Wiadomości

Francuzi szykują elektryczną Dacię dla Europy. Oczywiście w postaci crossovera

Wiadomości 28.10.2019 82 interakcje
Adam Majcherek
Adam Majcherek 28.10.2019

Francuzi szykują elektryczną Dacię dla Europy. Oczywiście w postaci crossovera

Adam Majcherek
Adam Majcherek28.10.2019
82 interakcje Dołącz do dyskusji

Tani, miejski, elektryczny crossover z zasięgiem 250 km może się pojawić już w przyszłym roku.

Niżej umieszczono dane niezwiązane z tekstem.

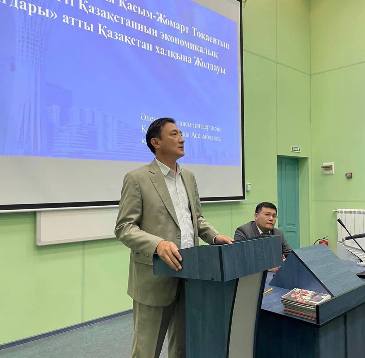 Они встретились со студентами университета для обсуждения и разъяснения Послания Президента Касым-Жомарта Токаева «Экономический курс Справедливого Казахстана» (1 сентября , 2023 год)
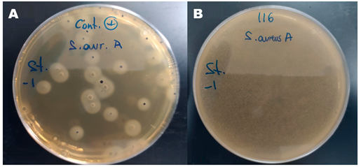 Figure 1 In vitro antimicrobial effect. A) Positive control plate after 48 hours of anaerobic incubation at 37ºC; B) Inoculated product plate after 48 hours of anaerobic incubation at 37ºC.

Dotychczasowy sukces Dacii jest wynikiem połączenia przyzwoitej jakości z bardziej niż przyzwoitą ceną. I jak pokazują polskie, ba – również europejskie wyniki sprzedaży – takie podejście to strzał w dziesiątkę. Szczególnie, jeśli tę przyzwoitą jakość i niezłą cenę ubierze się w kształt SUV-a.

Renault dobrze o tym wie i szykuje kolejne modele.

Niestety, nie chodzi o na pierwszy rzut oka najbardziej oczywiste rozwiązanie – poszerzenie gamy Dacii o małego crossovera Renault – model Kwid. Pozostanie on atrakcją dla rynków rozwijających się. U nas byłby dla Francuzów kłopotem – jako maluch musiałby pozostać tani, a bez zaawansowanych rozwiązań w dziedzinie oszczędzania paliwa (czyt. hybrydowatości) tylko psułby wynik emisji CO2 całej floty.

Jednak Dacia wpisując się w europejskie trendy, a mówiąc bardziej precyzyjnie, walcząc o każdy gram średniej emisji CO2 w swojej flocie, podjęła decyzję o wprowadzeniu do Europy modelu K-ZE. To oparty na Kwidzie elektryk, który od niedawna oferowany jest na rynku chińskim.

Ten 4+1-miejscowy crossover z nadwoziem o długości nieco ponad 3,7 metra na tamtejszym rynku sprzedawany jest za równowartość 34 tys. zł. Auto wyposażono w ok. 44-konny silnik elektryczny i akumulatory o pojemności 26,8 kWh. Dzięki czemu wciąż waży niewiele – zaledwie 921 kg – a jest w stanie przejechać na jednym ładowaniu do 250 km. Ładowanie akumulatorów z domowego gniazdka trwa 4 godziny, z szybkiej stacji – do godziny.

najtańszy samochód elektryczny

Twardo i przyzwoicie

K-ZE jest czymś więcej, niż tylko akumulatorem na kołach – w podstawowej wersji wyposażenia ma manualną klimatyzację, elektrycznie sterowane szyby i 8-calowy ekran multimedialny. Podobno na zaappkowanym, chińskim rynku nie da się już dziś sprzedać nowego auta nieoferującego możliwości integracji ze smartfonem.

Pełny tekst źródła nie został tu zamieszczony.